Meses depois, a PF e a força-tarefa do MP conseguiram convencer o ex-policial militar Élcio de Queiroz a fazer uma colaboração premiada. A delação causou uma verdadeira guinada no caso, que estava há cinco anos sem respostas. Foi a partir das revelações dele que a PF descobriu que os assassinos tinham plano para matar a vereadora desde dezembro de 2017. À polícia, o ex-PM relatou que havia passado a virada do ano de 2017 para 2018 na casa de Lessa que, alcoolizado, desabafou com Élcio que estava “chateado” por ter perdido “uma oportunidade de chegar a um alvo” na área do Estácio, semanas antes.

A delação também deu detalhes da participação do ex-bombeiro Maxwell Corrêa, o Suel, que teria ajudado a monitorar os passos de Marielle e participado da troca de placas do veículo Cobalt e providenciado seu desmanche. Já o sargento reformado Edimilson Oliveira, o Macalé, também revelado pelo ex-PM, teria intermediado a contratação de Lessa e participado das "campanas" feitas para vigiar os passos de Marielle na preparação para o crime.

Suel foi preso no dia 24 de julho do ano passado, durante a Operação Élpis, deflagrada pela Polícia Federal e pelo Ministério Público do Rio, após a delação premiada. Macalé foi executado a tiros em novembro de 2021, aos 54 anos. Antes disso, foi citado em inquéritos relacionados ao jogo do bicho, aparecendo como integrante da equipe de segurança de Bernardo Bello e apontado como um dos braços direitos do bicheiro.

Antes de a PF assumir a investigação ao lado do Gaeco, eles já tinham contribuído pontualmente com a investigação. Em 2019, eles concluíram que houve obstrução na apuração do duplo homicídio pela Delegacia de Homicídios da Capital (DHC) da Polícia Civil, provando que havia pessoas atrapalhando a resolução do caso plantando informações falsas. Nessa época, a investigação da DHC apontava o miliciano Orlando Oliveira de Araújo, o Orlando da Curicica, como o criminoso que intermediou a morte da vereadora, a mando do ex-vereador Marcello Siciliano. O trabalho da Polícia Federal ficou conhecido como "investigação da investigação".

Durante essa passagem na investigação, a PF também corrigiu a rota afastando o nome dos dois do centro do caso.

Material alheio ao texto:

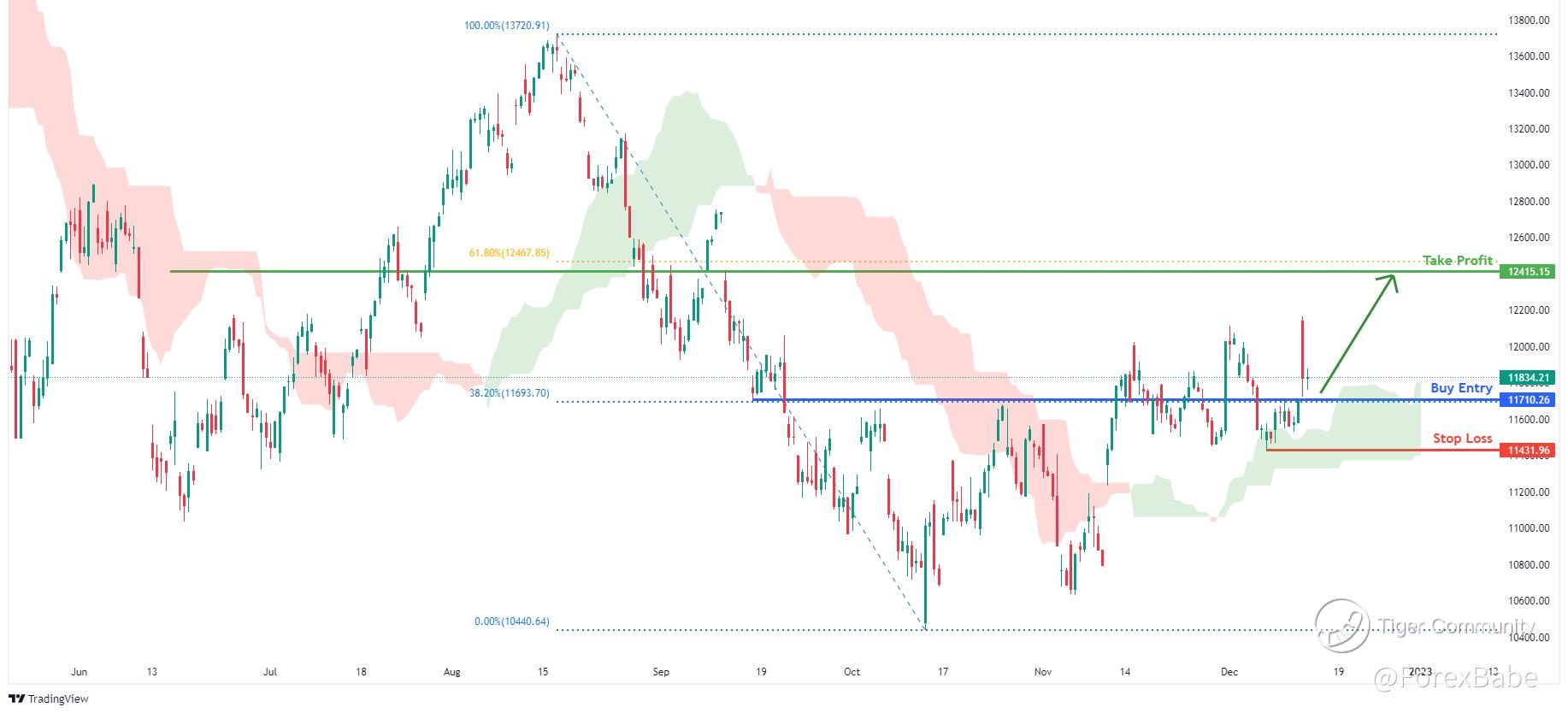 1.) Looking at the H4 chart with price above the Ichimoku cloud it indicates a bullish market, I am looking for a buy entry at 11710.26, where the 38.2% Fibonacci line is.

Após essa correção de rumos, o delegado da DHC, Giniton Lages, e as promotoras Simone Sibilio e Letícia Emile, do Gaeco, passaram a mirar em Lessa, então policial militar, como atirador, e Élcio, o motorista do Cobalt usado na emboscada do dia 14 de março de 2018. Eles foram inseridos na investigação em outubro daquele ano, depois que um telefonema anônimo para a DHC trouxe os nomes à tona.

Na época, a Procuradoria Geral da República (PGR) pediu para federalizar o caso, retirando a apuração do crime da Polícia Civil e do MPRJ. Na época, a ex-procuradora-geral da República Raquel Dodge ela alegou que as autoridades fluminenses não demonstraram capacidade de chegar aos mandantes do crime. Ela justificou o pedido apontando a participação do Domingos Brazão no homicídio, na época, conselheiro afastado do Tribunal de Contas do Estado (TCE), com foro privilegiado. Em maio de 2020, ministros da Terceira Seção do STJ indeferiram o pedido, entendendo que o pedido de federalização não teve amparo de justificativa técnica.

Desde o dia do crime, em 14 de março de 2018, cinco delegados da Polícia Civil estiveram à frente das investigações das mortes de Marielle e Anderson. O delegado federal Leandro Almada, atuou no início do caso, assinando o relatório da "investigação da investigação", e depois passou a ser o superintendente da PF no Rio. Atualmente, o responsável pelo inquérito dos mandantes é o delegado federal Guilhermo Catramby, enquanto o promotor do caso, Fábio Correa, que coordena o Gaeco, chefia a Força-Tarefa Marielle e Anderson.